New Study on the Psychological Impacts of Climate Change - Climate Action

New research by the American Psychological Association (APA) investigates the interface between psychology and climate change.

The report aims to determine psychology’s contributions to understanding and addressing global climate change and place the psychological dimensions of climate change.

The APA finds that: “Human response to climate change blurs the distinction typically found between responses to natural and technological disasters.”

The study divides the human psychological effects into two categories: first is direct mental-health injuries associated with extreme weather, natural disasters and degraded environment, such as drought. The second are indirect impacts, such as anxiety and uncertainty “which may cause heat-related violence, conflicts over resources, migrations, dislocations and chronic environmental-stress.”

Paul Stern, Professor at the National Research Council said: “Psychological contributions to limiting climate change will come not from trying to change people’s attitudes; but from helping to make low-carbon technologies more attractive and user-friendly; economic incentives more transparent and easier to use and information more actionable and relevant to the people who need it.”

The APA report suggests that humans cannot relate their actions to the long-term and in some cases ambiguous, consequences of climate change. Consequently, humans do not know how to react.

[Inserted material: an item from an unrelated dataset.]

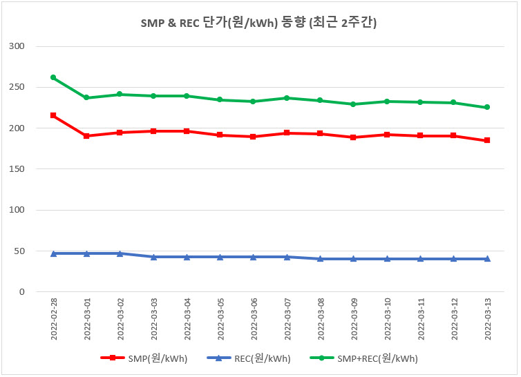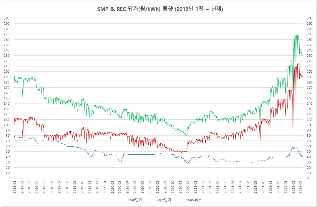 보시다시피 REC는 꾸준히 하락하고 있는데 SMP는 하락하다가 2020년 12월부터 급격히 상승했지만 최근 다시 하락 중입니다. 3월부터 SMP도 하락 추세를 보이고 있습니다.

The research considers the human causes, consequences and responses to climate change and then links them with how climate change alters human cognitive, motivational, interpersonal, and organisational responses and processes.

The report notes: “Psychology is essential to understanding the human causes and consequences of climate change.”

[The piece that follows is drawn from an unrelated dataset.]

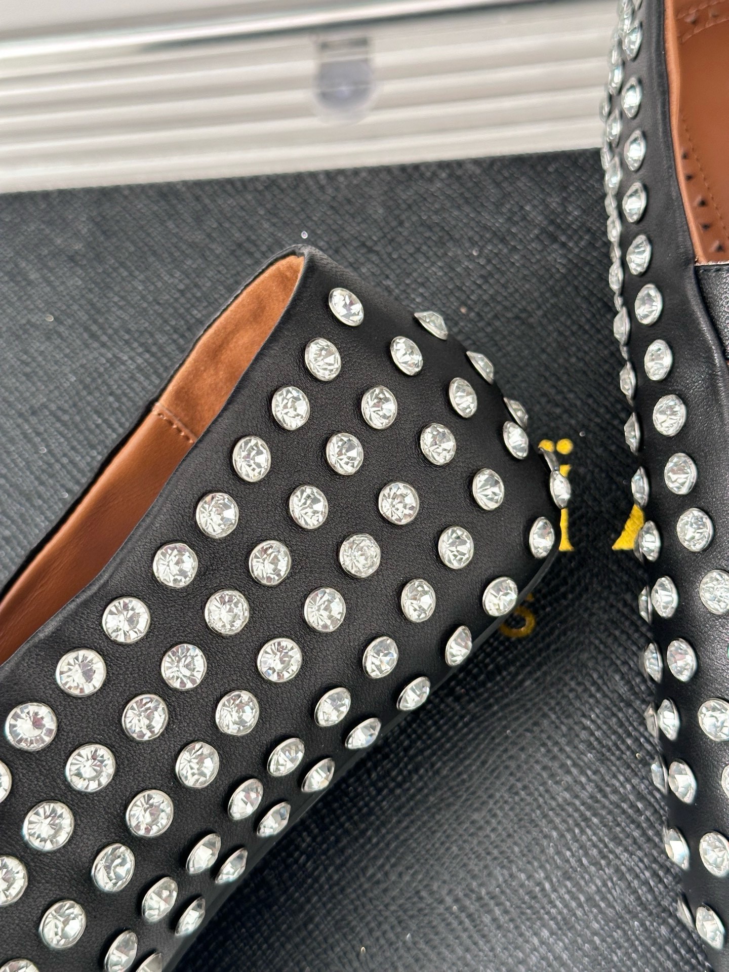 Alaïa’s ballet flats are covered in bezel-set crystals that are faceted to sparkle from every angle. They’ve been made from lambskin and have exaggerated round toes and a buckle-fastening strap to secure the arch. Keep them in focus with high hemlines.

According to Thomas J. Doherty, a professor at the Lewis & Clark Graduate School of Education, climate change, unlike other crises, evokes a very different human response. He says: “Although all of these potential [climate change] impacts cannot be described with full clarity, the cumulative and interacting psychosocial effects of may well be profound.”

He continues to describe how, even in the absence of direct impacts, Heat, extreme weather-events, and increased competition for scarce environmental resources, on top of pre-existing inequalities and disproportionate impacts among groups and nations, can result in increasing stress and anxiety.

“Anticipation and concern about the threat of climate change may erode quality of life and threaten mental health,” he adds.

It says that the cause of confusion relates to human reaction to disasters: “Altruistic or community-supportive responses are associated with natural disasters, whereas uncertainty and divisiveness are associated with technological disasters.”

Because climate change is a mixture of technological and natural crises, human are incapable of grasping the subject, cognitively or emotionally.

The article says that climate change adaptation partly extends beyond making physical and structural adjustments to environmental changes. It argues that adaptation should apply at the emotional level to organizations and communities. This can be done through threat and response appraisals, emotion management and cognitive reframing.